O novo disco da cantora paulista Ana Lee traz um conjunto de canções saturadas de profunda beleza. A viagem musical proposta é pelas águas, doces ou salgadas, e isso marca toda a experiência da audição, mesmo quando não há referência explícita na letra.
Os músicos e arranjadores são de primeira linha, e traduziram muito bem a musicalidade líquida das melodias. Ora são pontuadas pelos teclados de Lincoln Antonio, ora pelos clarones de Itamar Vidal, sempre bem temperados pelos violões de Bráu Mendonça, Ozias Stafuzza e Lula Gama e o baixo luxuoso de Swami Júnior. Belo time, que contribui também com algumas das composições originais.

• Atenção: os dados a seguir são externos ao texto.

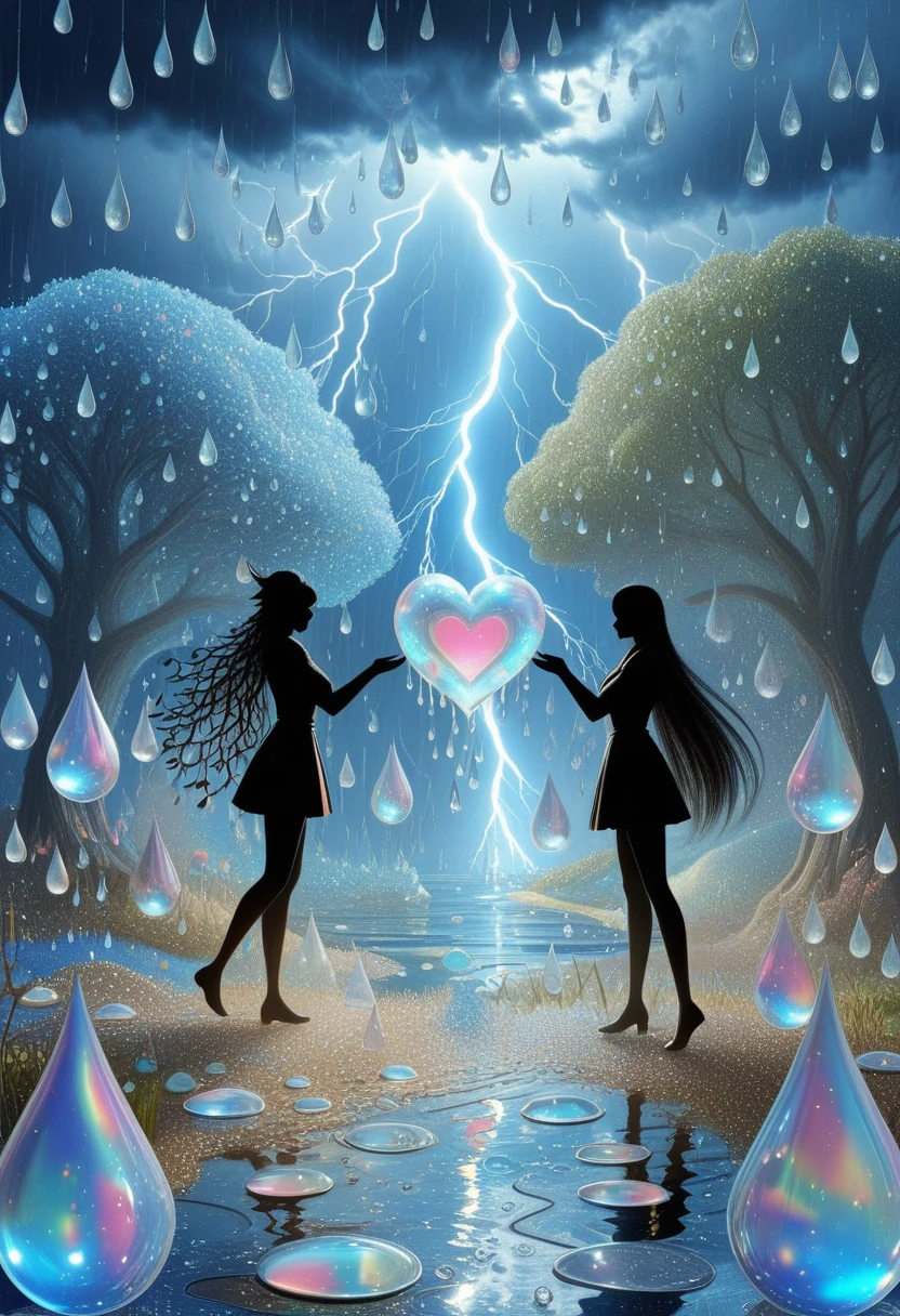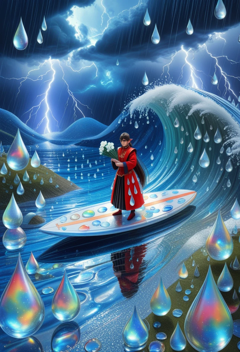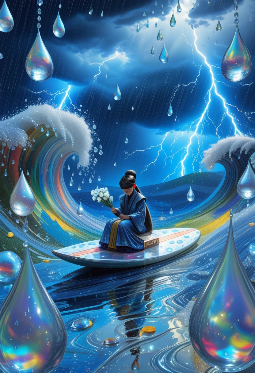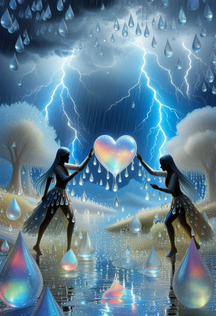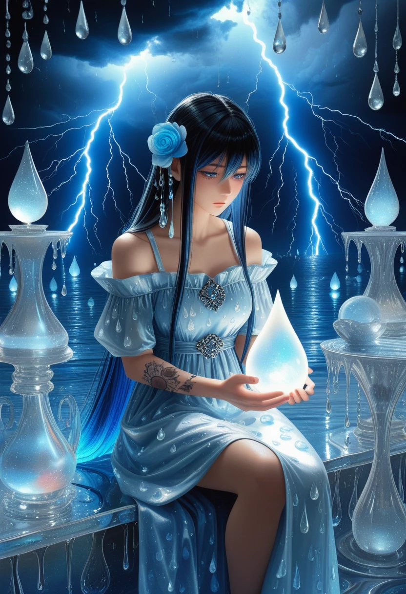 teardrop-shaped objects, elongated pear forms, translucent watery surfaces, dripping fluid edges, blue-cyan color palette, glassy reflective textures, cascading droplet landscapes, melancholic glossy sheen

Desde a faixa de abertura, Toada (Cássio Gava/ Zeca Baleiro) onde Ana Lee divide os vocais com Baleiro, somos envolvidos pela refinada sonoridade do disco. Bem pontuado pelo violoncelo de Mário Manga, o delicado arranjo acústico dá o tom também da faixa seguinte, Xote da Navegação, dos gigantes Chico Buarque e Dominguinhos. Fagote e clarone acentuam a melancolia da canção.
O celo de Manga volta a brilhar na faixa seguinte, Castelo, de Mario Montault. A percussão de André Magalhães e Ricardo Stuani, presentes em todo o disco, fica mais evidenciada. Na sequência, uma releitura de A Página do Relâmpago Elétrico revigora a conhecida canção de Beto Guedes, com um leve sintetizador sobre base acústica. Mané Silveira contribui com seu sax e com o arranjo feito a quatro mãos com Itamar Vidal.
Uma ciranda de Ozias Stafuzza retoma uma linha cara à cantora, de experimentar novas leituras dos ritmos populares brasileiros. É o caso do Jongo Tradição I, pleno de ecos ancestrais, e do gostoso samba Lagoa Funda. Uma leitura intimista de Meia Noite, de Chico e Edu Lobo, demonstra que revisitar o tesouro da música popular brasileira também pode ser uma viagem contemporânea.
Ana mostra seu lado compositora ao cantar um poema de Emily Dickinson (Loucas Noites), e se sai bem. Versos de Maria Rita Kehl (O Amor É Uma Droga Pesada) são musicados de forma surpreendente por Antonio Herci, com uma construção que remete a ritmos tribais, reforçada pelo arranjo percussivo. E que beleza a canção que dá nome ao CD! Uma joia de Lincoln Antonio e Walter Garcia, de intervalos inesperados e angulosa beleza.
Em Labirinto Azul nenhuma canção se parece com a anterior, os arranjos não se repetem, e a invenção poética está presente disputando os holofotes com o alto nível musical. O conjunto de composições, de arranjos e de interpretações comprova a maturidade artística de Ana Lee. Um grande disco, para iluminar este conturbado ano de 2020.
*Daniel Brazil é roteirista, diretor de TV e colaborador do CNN Notícias. Escreve regularmente para os sites "Revista Música Brasileira", "A Terra é Redonda" e alimenta seu blog "Fósforo", sobre literatura.